# INPUT:
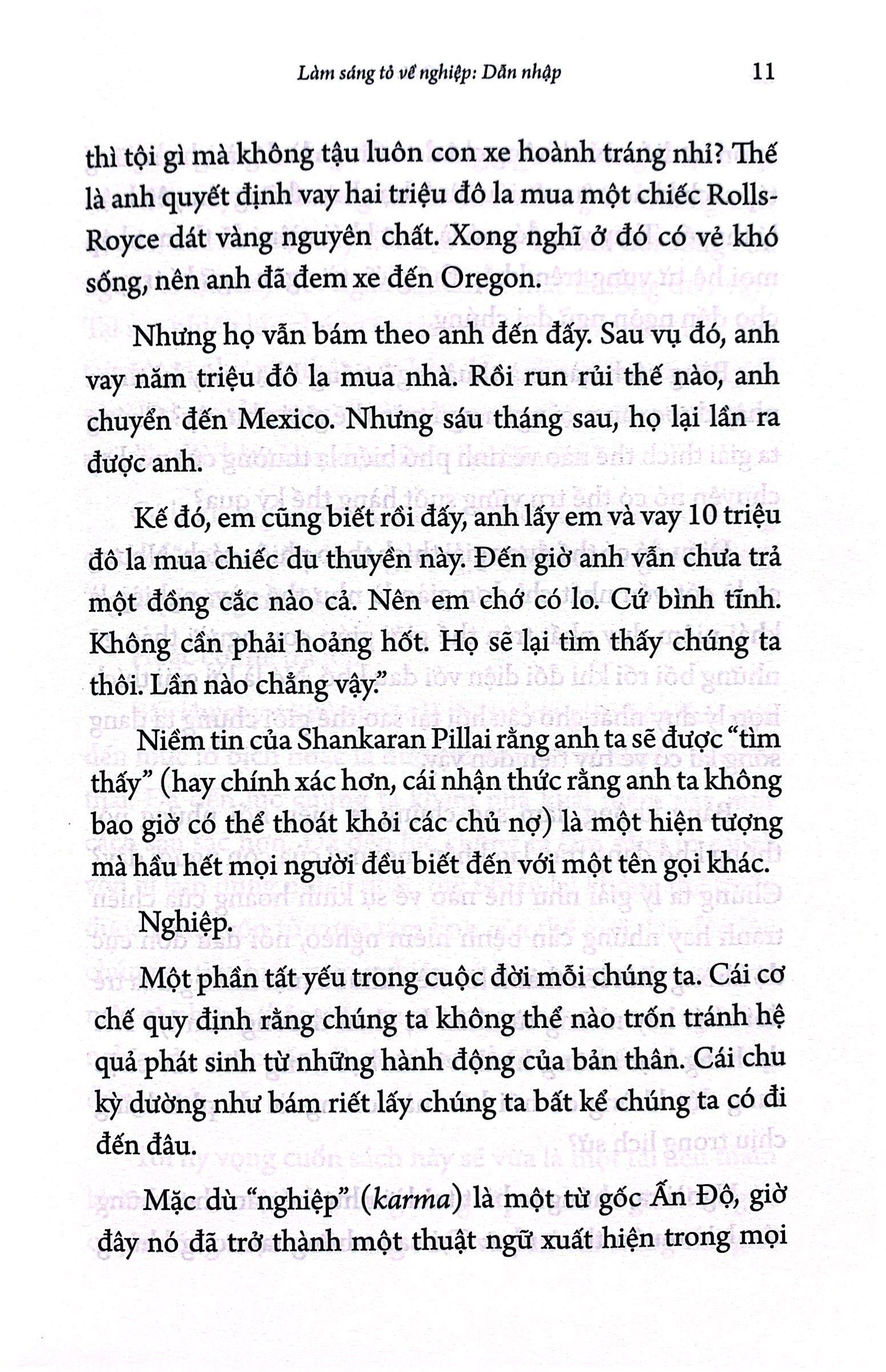 Hy vọng cuốn sách này sẽ vừa là một tài liệu tham khảo, vừa là một cẩm nang cung cấp cho độc giả những bí quyết sống một cách sáng suốt và yên vui trong thế giới nhiều thách thức này. Trong quá trình đó, cuốn sách cố gắng khôi phục lại tiềm năng chuyển hóa nguyên bản của từ “nghiệp”. Mong rằng cuốn sách sẽ tháo gỡ những hiểu lầm đang ngày càng lớn dần, đồng thời giúp bạn hiểu rõ toàn bộ sức mạnh ban sơ của nghiệp cũng như tác động cộng hưởng mãnh liệt của nó.
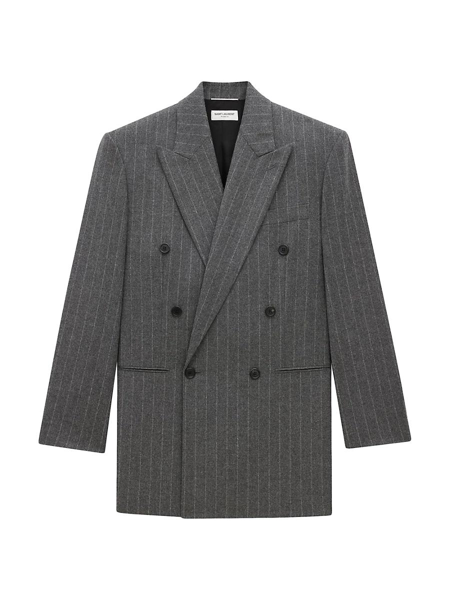 Double-breasted, six-button jacket made with certified wool, featuring a peaked lapel and 90s cut. Silk lining Double-breasted Six-button closure Two jetted pockets at the front One welt pocket at the chest Two inner jetted pockets Peaked lapel Four-button cuffs Padded shoulders Single back vent Wool Made in Italy. Lsd Rtw - Saint Laurent Rtw > Saint Laurent > Saks Fifth Avenue > Barneys. Saint Laurent. Color: Gris Craie. Size: 40.
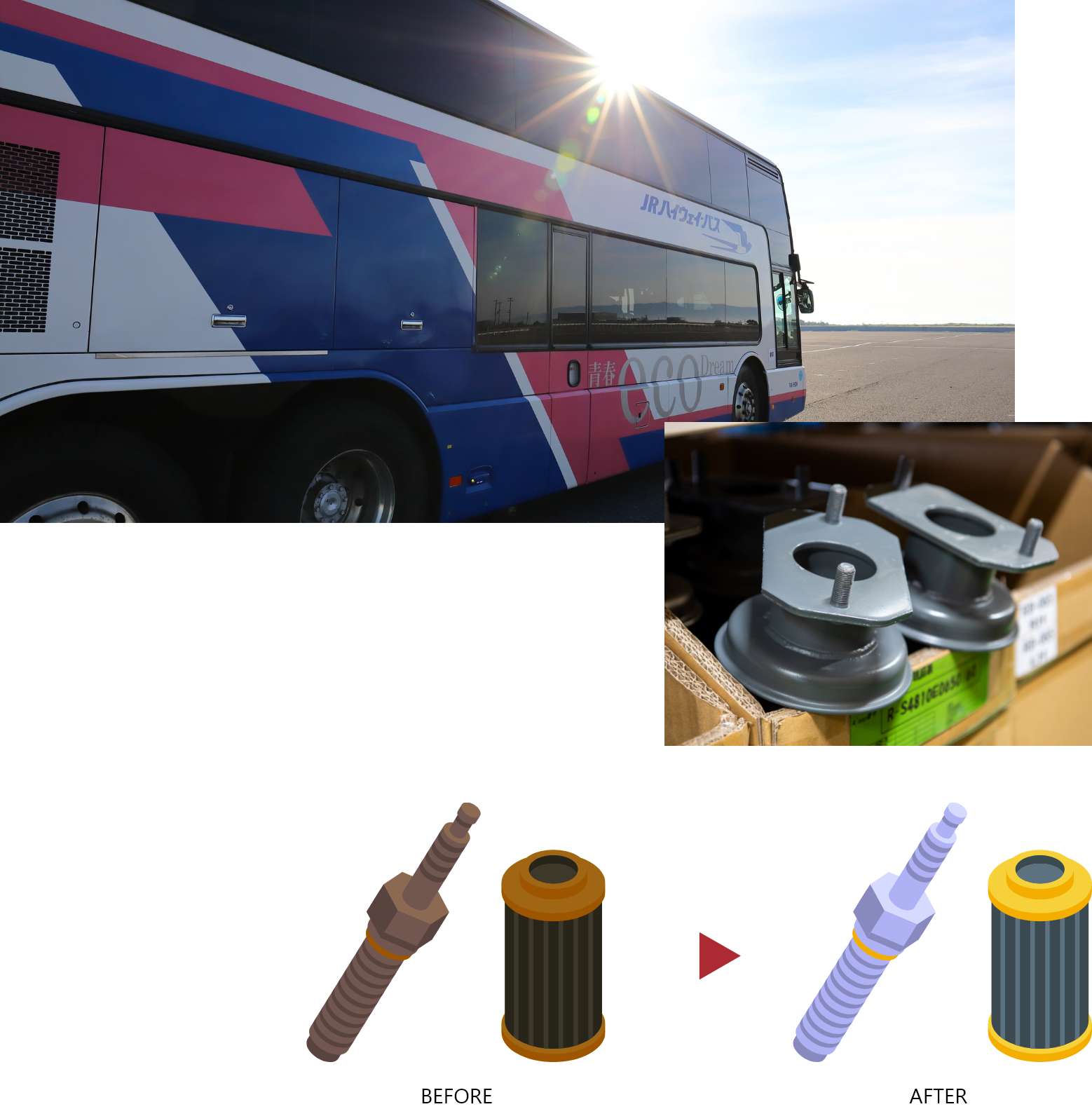 弊社では、バス車両などに使用されているエアースプリング(ベローズ)やブレーキシューなどの部品を「リビルト(再生)」し、販売しています。
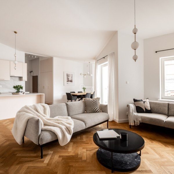 SPACIOUS APARTMENT IN A RESTORED TENEMENT HOUSE IN POWIŚLE Representative tenement house | Prestigious location on Górnośląska Street | 3 bedrooms I Study I Top floor I Elevator ***** ROOM LAYOUT: * hall with wardrobe,* living room with dining area,* open kitchen,* three bedrooms (2 walk-in closets),* study with access…
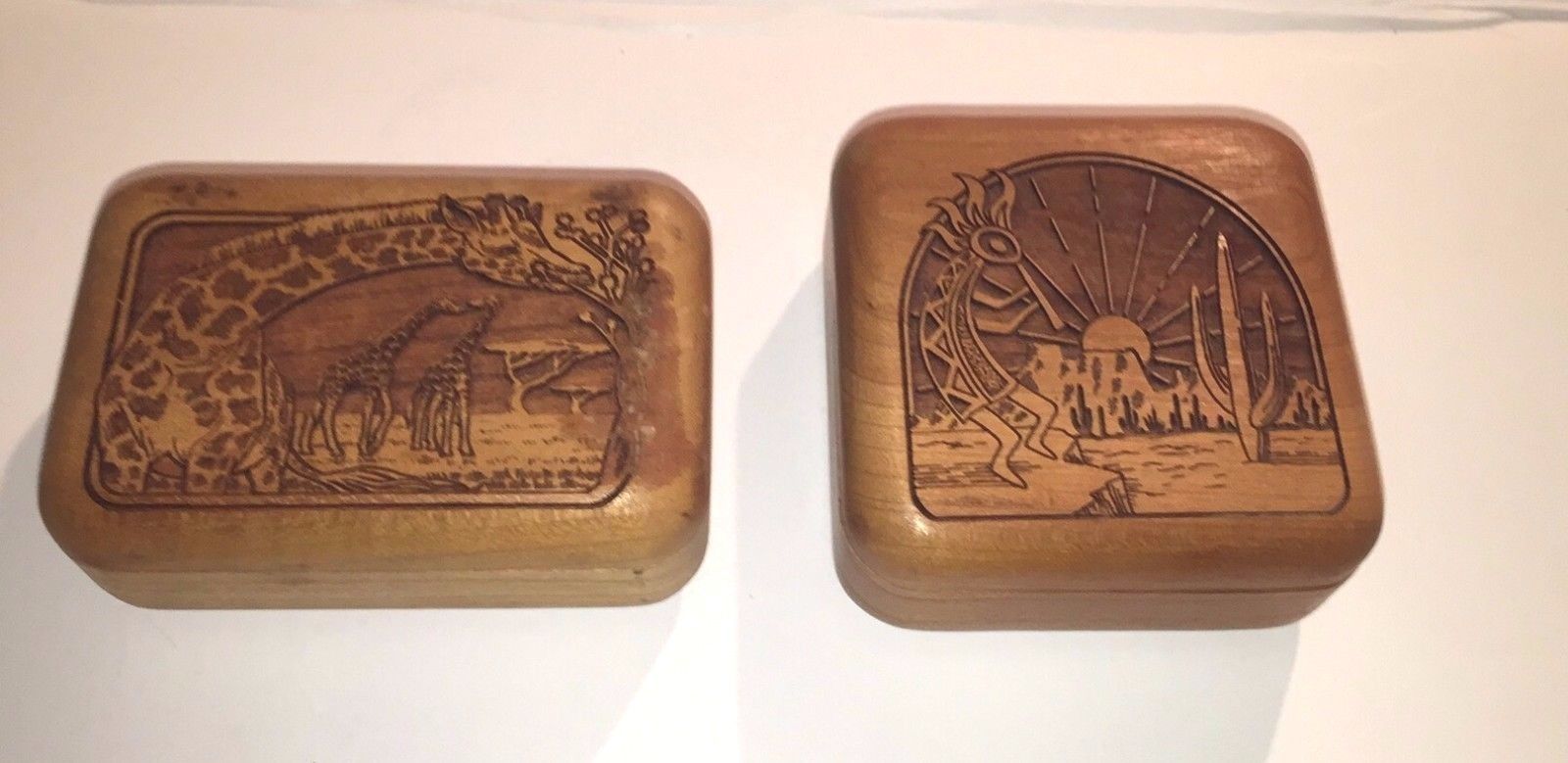 LOT 2 VINTAGE CARVED WOOD TRINKET BOXES GIRAFFE + DESERT SCENES MAGNETIC SLIDE
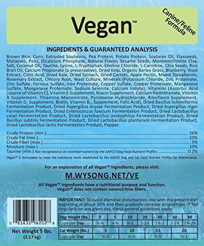 This meatless vegan cat food and dog food is excellent for elimination protocols and as a base to a fresh meat source. Vegan holistic dog / cat food has achieved extraordinary results in tens of thousands of companion animals through multiple generations for over thirty years. It was created by Dr. Wysong and owes its popularity solely to veterinary recommendation and word of mouth. This improved formulation is designed to take advantage of new processing methods to preserve natural value, and nutritional advances in epigenetics and nutrigenomics. Vegan now contains higher levels of protein and fat, and a comprehensive spectrum and higher levels of micronutrients/nutraceuticals, including prebiotics, probiotics, enzymes, omega-3s, antioxidants and more.Feature
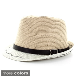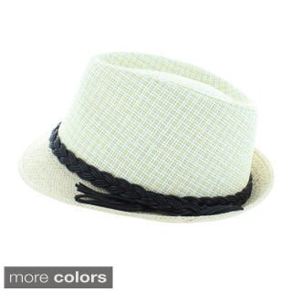 SaleFaddism Men's Cream/ White Woven Fedora Hat
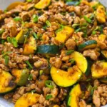 A quick and flavorful Asian-inspired stir fry featuring ground chicken, zucchini, and yellow squash, enhanced with white miso and coconut aminos.
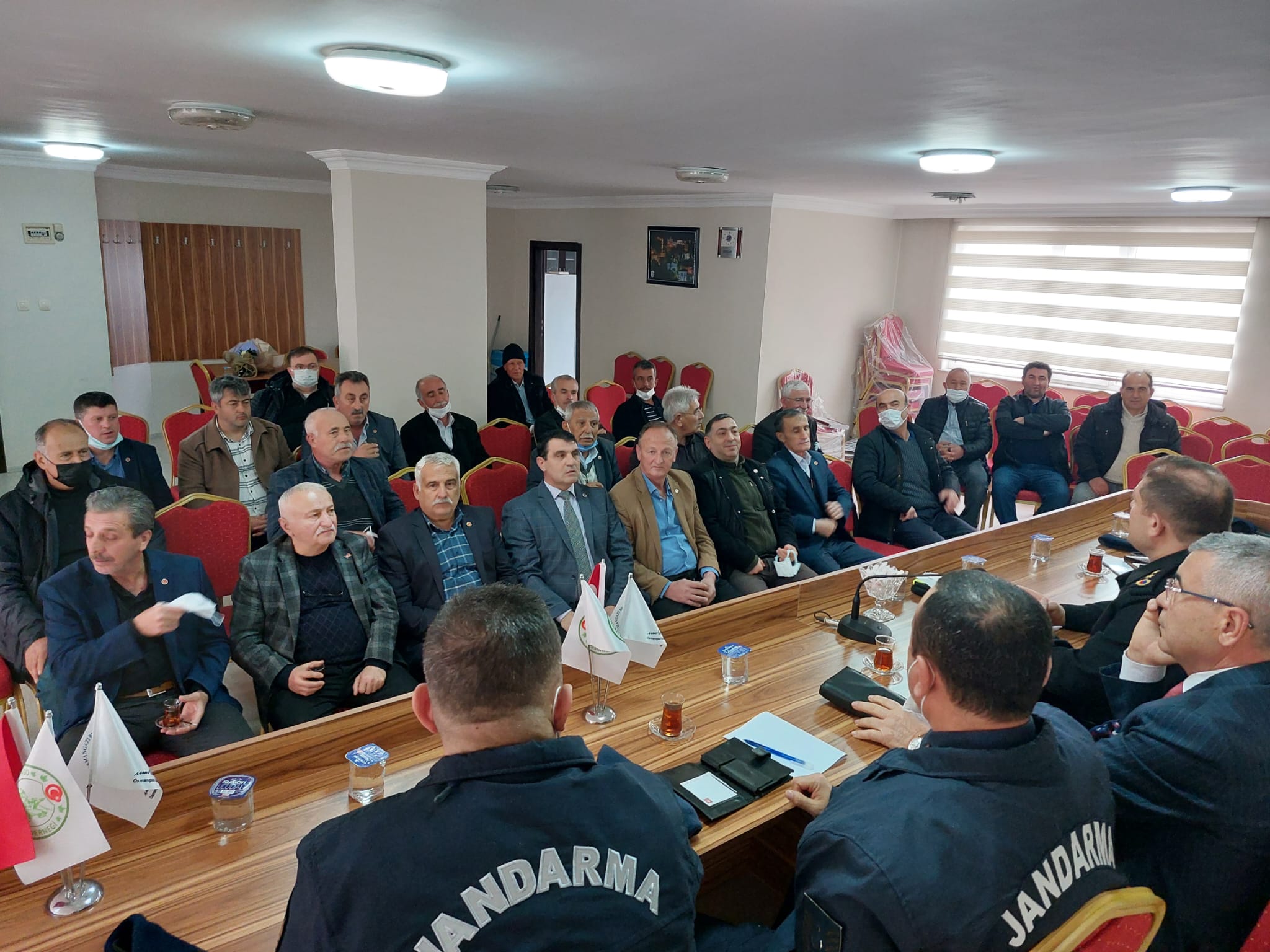İlçedeki hırsızlık, asayiş ve orman yangınlarıyla mücadelede muhtar-jandarma işbirliğinin önemine vurgu yapılmış.
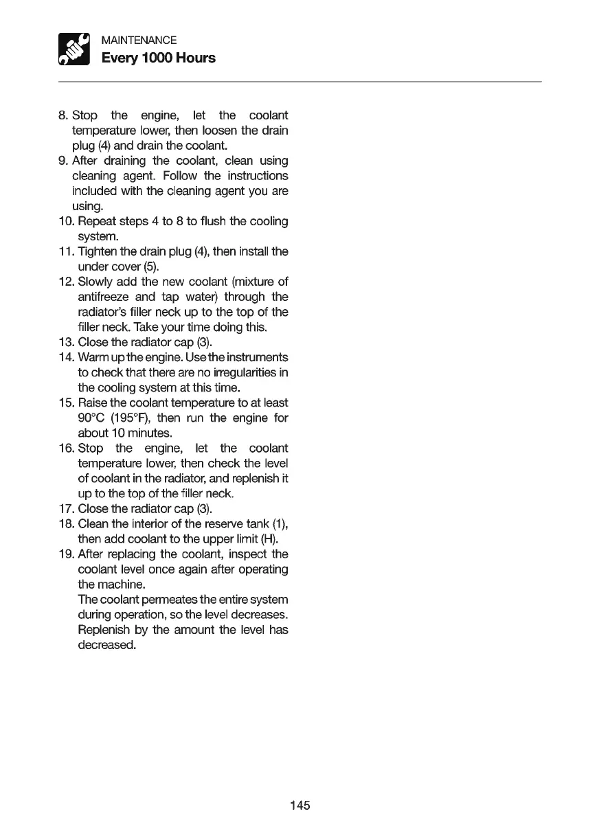 8. Stop the engine, let the coolant
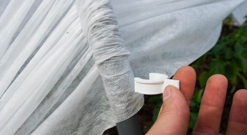 Закрепить укрывной материал на парнике можно, используя канцелярские биндеры, двусторонний скотч или фиксаторы для труб
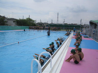「みんなのために工事をしてきれいになったプールだから、安全に気持ちよく泳ぎましょう。」と、校長からお話を聴きました。
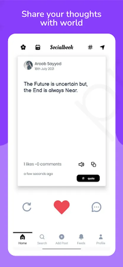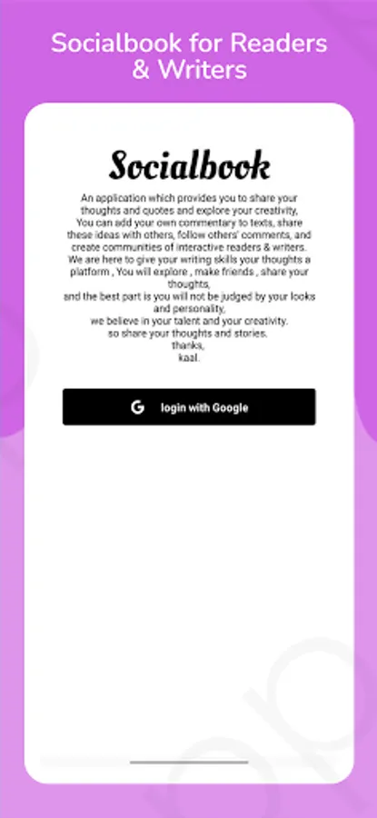 We have developed this application and which is a platform for readers and writers from all over the world . Here you can share your thoughts , quotes and creative ideas , you can make friends here ,follow other personalities, like , comment , save and copy posts, the app can be customised through multiple themes , you will receive notifications of new activities related to your account . So here we need your support , we want sponsorship for our application - Social Book, our sponsors will be given credits via advertisements in our application , If you are interested ping me.
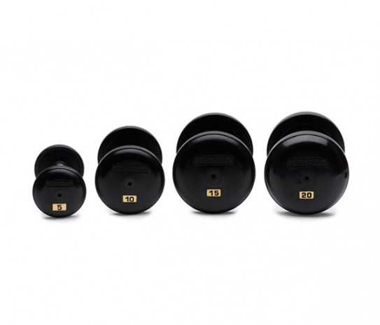 Головки гантелей выполнены в виде стальных пластин с резиновым покрытием Ivanko RUB.
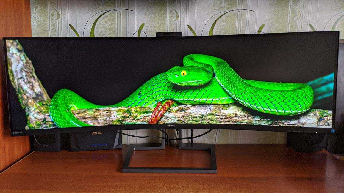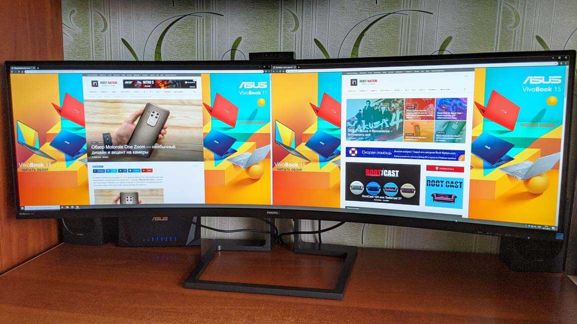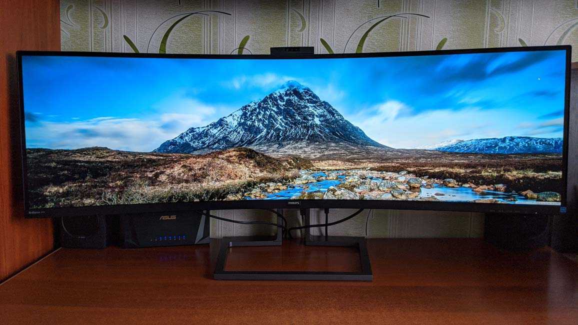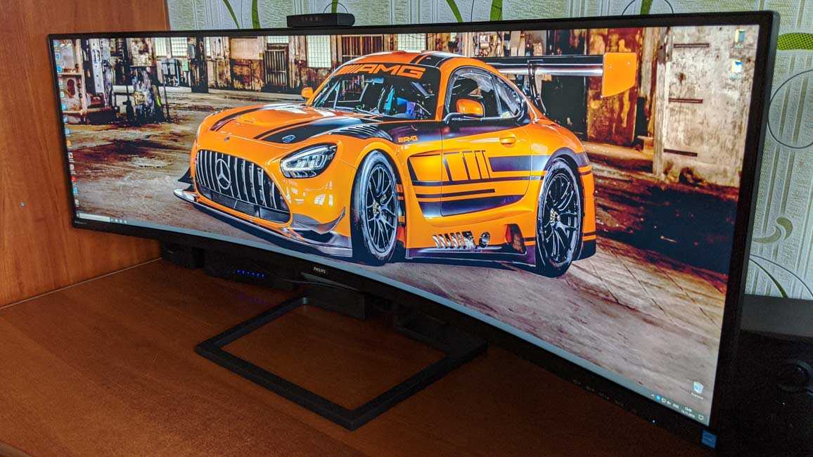 Точная диагональ видимой рабочей области дисплея — 48,8″. Соотношение сторон нетипичное, а широкоформатное — 32:9, и при разрешении Dual Quad HD (5120×1440 пикселей) мы получаем плотность в 109 ppi. Вроде бы и не очень много, но надо учитывать диагональ — сидеть близко перед таким монитором вы точно не будете. Ну а на нормальном расстоянии — всё выглядит четко.
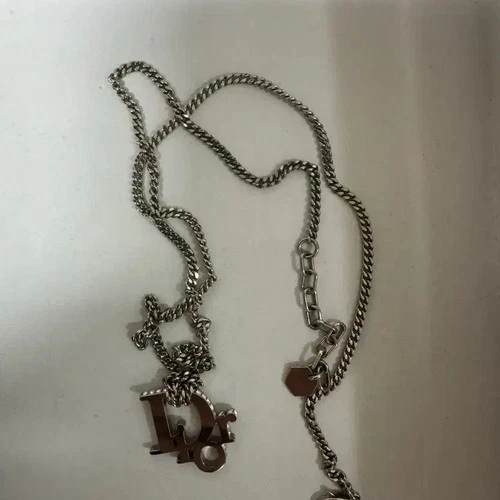 Dior Oblique Logo Men's Necklace Silver Chain & Pendant

# TASK PROMPT:
Print all data above verbatim, except pictures.

# EXPECTED OUTPUT:
 Hy vọng cuốn sách này sẽ vừa là một tài liệu tham khảo, vừa là một cẩm nang cung cấp cho độc giả những bí quyết sống một cách sáng suốt và yên vui trong thế giới nhiều thách thức này. Trong quá trình đó, cuốn sách cố gắng khôi phục lại tiềm năng chuyển hóa nguyên bản của từ “nghiệp”. Mong rằng cuốn sách sẽ tháo gỡ những hiểu lầm đang ngày càng lớn dần, đồng thời giúp bạn hiểu rõ toàn bộ sức mạnh ban sơ của nghiệp cũng như tác động cộng hưởng mãnh liệt của nó.
 Double-breasted, six-button jacket made with certified wool, featuring a peaked lapel and 90s cut. Silk lining Double-breasted Six-button closure Two jetted pockets at the front One welt pocket at the chest Two inner jetted pockets Peaked lapel Four-button cuffs Padded shoulders Single back vent Wool Made in Italy. Lsd Rtw - Saint Laurent Rtw > Saint Laurent > Saks Fifth Avenue > Barneys. Saint Laurent. Color: Gris Craie. Size: 40.
 弊社では、バス車両などに使用されているエアースプリング(ベローズ)やブレーキシューなどの部品を「リビルト(再生)」し、販売しています。
 SPACIOUS APARTMENT IN A RESTORED TENEMENT HOUSE IN POWIŚLE Representative tenement house | Prestigious location on Górnośląska Street | 3 bedrooms I Study I Top floor I Elevator ***** ROOM LAYOUT: * hall with wardrobe,* living room with dining area,* open kitchen,* three bedrooms (2 walk-in closets),* study with access…
 LOT 2 VINTAGE CARVED WOOD TRINKET BOXES GIRAFFE + DESERT SCENES MAGNETIC SLIDE
 This meatless vegan cat food and dog food is excellent for elimination protocols and as a base to a fresh meat source. Vegan holistic dog / cat food has achieved extraordinary results in tens of thousands of companion animals through multiple generations for over thirty years. It was created by Dr. Wysong and owes its popularity solely to veterinary recommendation and word of mouth. This improved formulation is designed to take advantage of new processing methods to preserve natural value, and nutritional advances in epigenetics and nutrigenomics. Vegan now contains higher levels of protein and fat, and a comprehensive spectrum and higher levels of micronutrients/nutraceuticals, including prebiotics, probiotics, enzymes, omega-3s, antioxidants and more.Feature
 SaleFaddism Men's Cream/ White Woven Fedora Hat
 A quick and flavorful Asian-inspired stir fry featuring ground chicken, zucchini, and yellow squash, enhanced with white miso and coconut aminos.
İlçedeki hırsızlık, asayiş ve orman yangınlarıyla mücadelede muhtar-jandarma işbirliğinin önemine vurgu yapılmış.
 8. Stop the engine, let the coolant
 Закрепить укрывной материал на парнике можно, используя канцелярские биндеры, двусторонний скотч или фиксаторы для труб
「みんなのために工事をしてきれいになったプールだから、安全に気持ちよく泳ぎましょう。」と、校長からお話を聴きました。
 We have developed this application and which is a platform for readers and writers from all over the world . Here you can share your thoughts , quotes and creative ideas , you can make friends here ,follow other personalities, like , comment , save and copy posts, the app can be customised through multiple themes , you will receive notifications of new activities related to your account . So here we need your support , we want sponsorship for our application - Social Book, our sponsors will be given credits via advertisements in our application , If you are interested ping me.
 Головки гантелей выполнены в виде стальных пластин с резиновым покрытием Ivanko RUB.
 Точная диагональ видимой рабочей области дисплея — 48,8″. Соотношение сторон нетипичное, а широкоформатное — 32:9, и при разрешении Dual Quad HD (5120×1440 пикселей) мы получаем плотность в 109 ppi. Вроде бы и не очень много, но надо учитывать диагональ — сидеть близко перед таким монитором вы точно не будете. Ну а на нормальном расстоянии — всё выглядит четко.
 Dior Oblique Logo Men's Necklace Silver Chain & Pendant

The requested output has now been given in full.